Thursday, February 28, 2008

Small-market papers are thriving

While Wall Street analysts predict a future for newspapers in ever more apocalyptic terms, the fact is: Many small-market papers are not just surviving, but thriving. E&P's "Small Towns, Big Profits: How Many Papers Survive Slump" uncovers reasons real local, local, local is working. "So how do small-market newspapers do it, and are there things metros could learn from them?" A sampling:

1. While the Internet has turned most news into a commodity, local news remains a unique newspaper asset that's a reliable moneymaker .... "We make significant emphasis on quality local journalism, and we definitely believe that investing in local journalism is absolutely imperative to our success."

2. Getting editors and publishers who truly know their audiences -- personally, even -- pays off journalistically and financially.

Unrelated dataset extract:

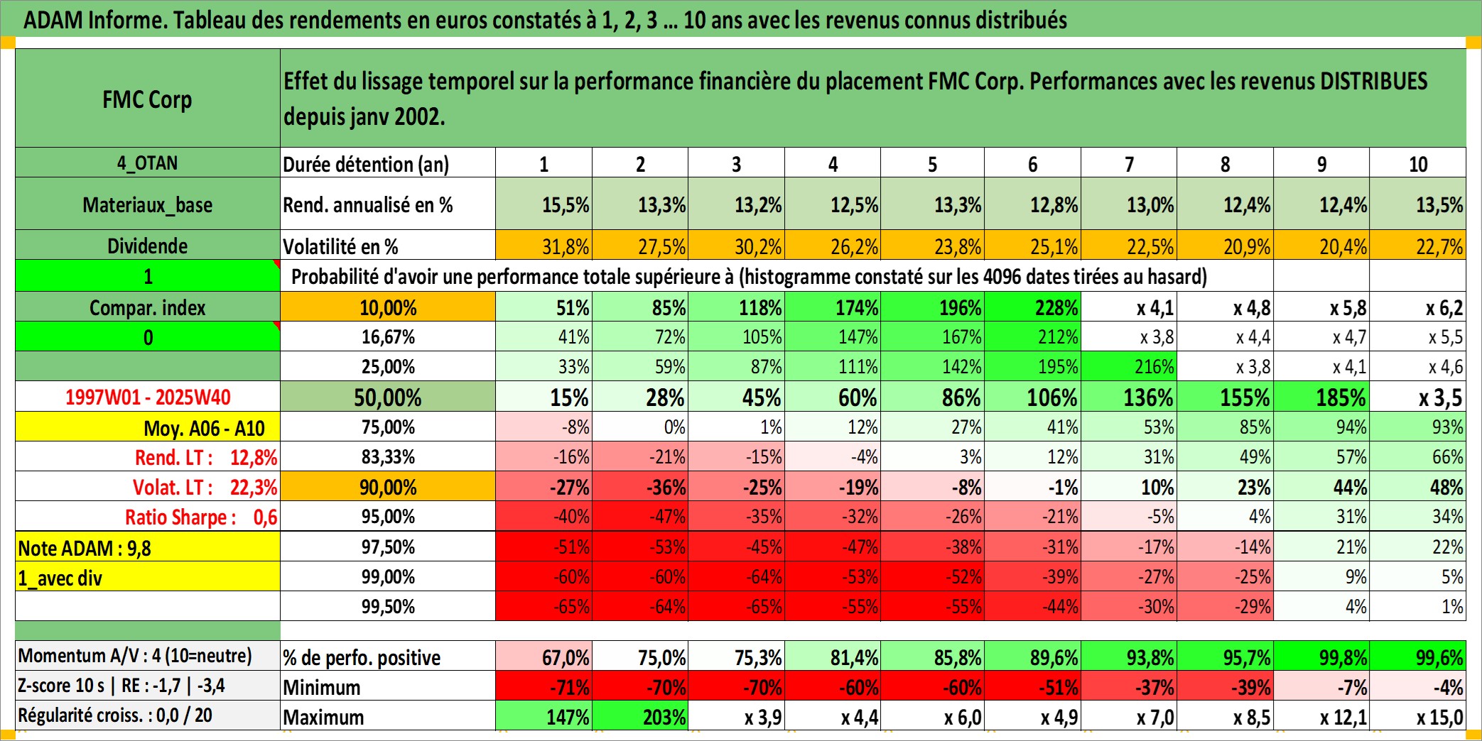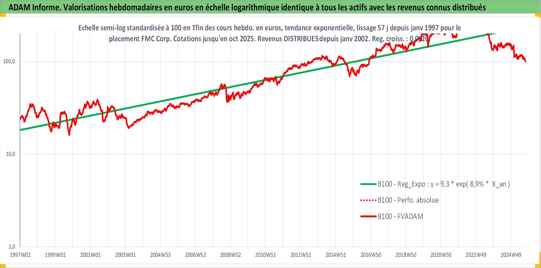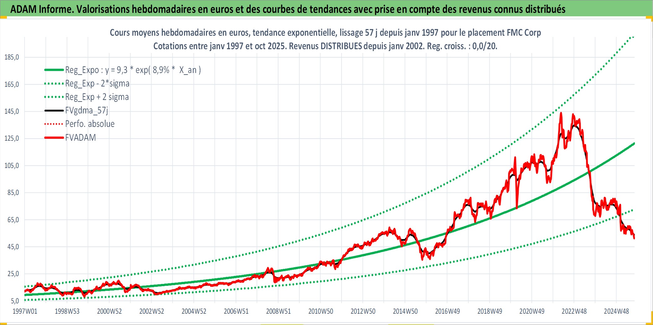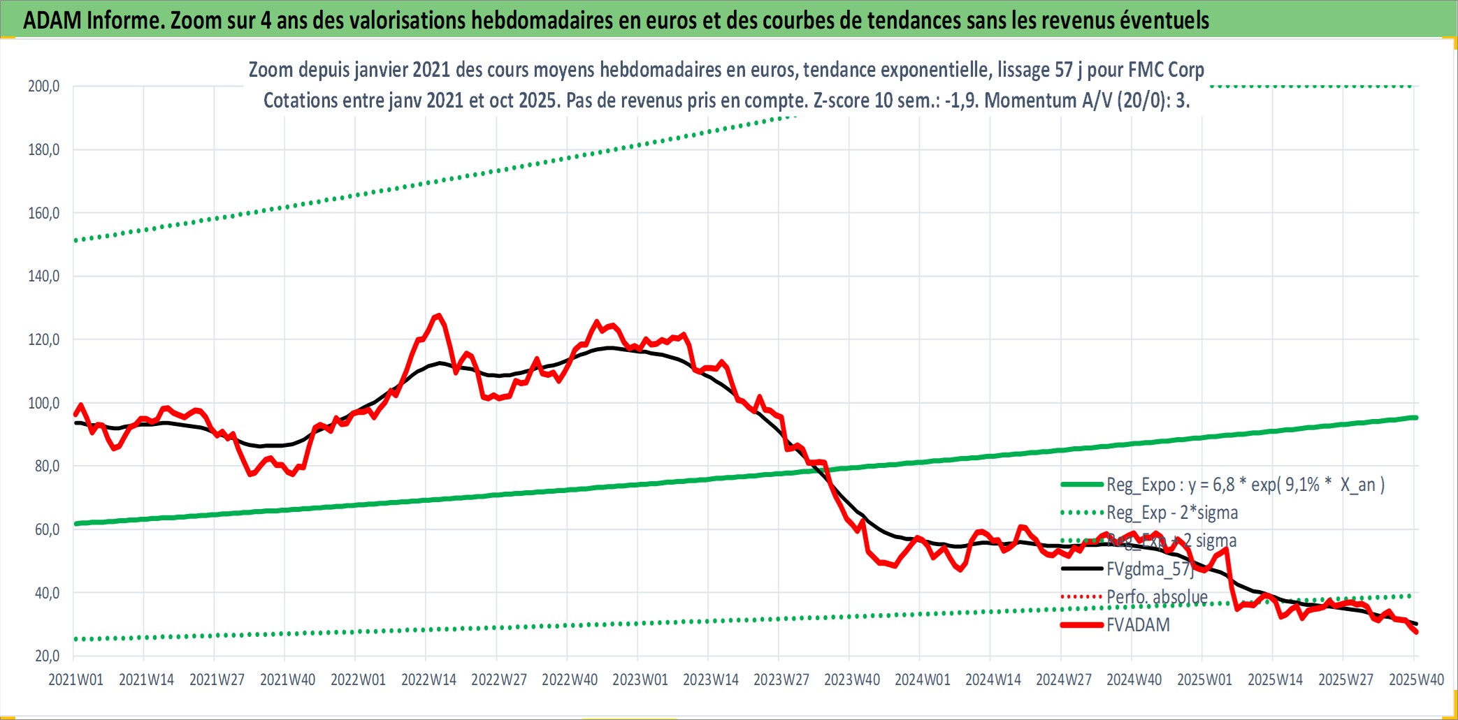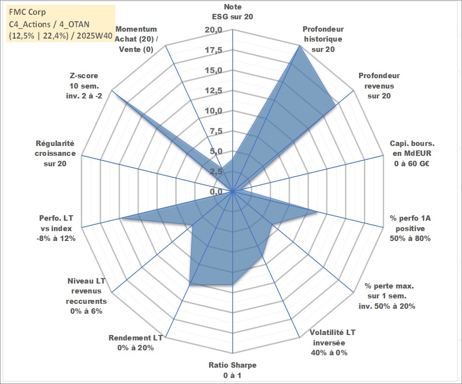 Site dédié aux investisseursPage dédiée sur site financeAnalyse des valorisations hebdomadaires de l'action FMC Corp. Cet actif est cote en USD. Les valorisations sont en contrevaleur EURO et couvrent les semaines 1997W01 a 2025W40. Les revenus de cet actif financier sont pris en compte depuis la semaine 2002W01. La note globale ESG de cet actif est estimee a 4.0 (apres rebasage entre 0 et 20).

3. "...as a general rule, the most effective papers in terms of business success are the ones who are best in community service."

3 comments:

Anonymous said...

Isn't this exactly the message the bargaining team has been delivering to Media News over the past year?

Anonymous said...

Local hometown reporting is exactly what made the P-T a valuable resource for Long Beach and it's surrounding communities. Why doesn't Media News make the connection? Circulation has dropped by at least 20,000 since the purchase of the paper by MN 10 years ago - could it be because people are not finding enough local news reporting to satisfy them as it once did?

Anonymous said...

Readers in LB and the other cities want truly local news, and advertisers have no incentive to purchase expensive space in a paper less and less people read. San Fernando Valley and South Bay stories are not local Long Beach-area stories. The suits aren't fooling anyone but themselves.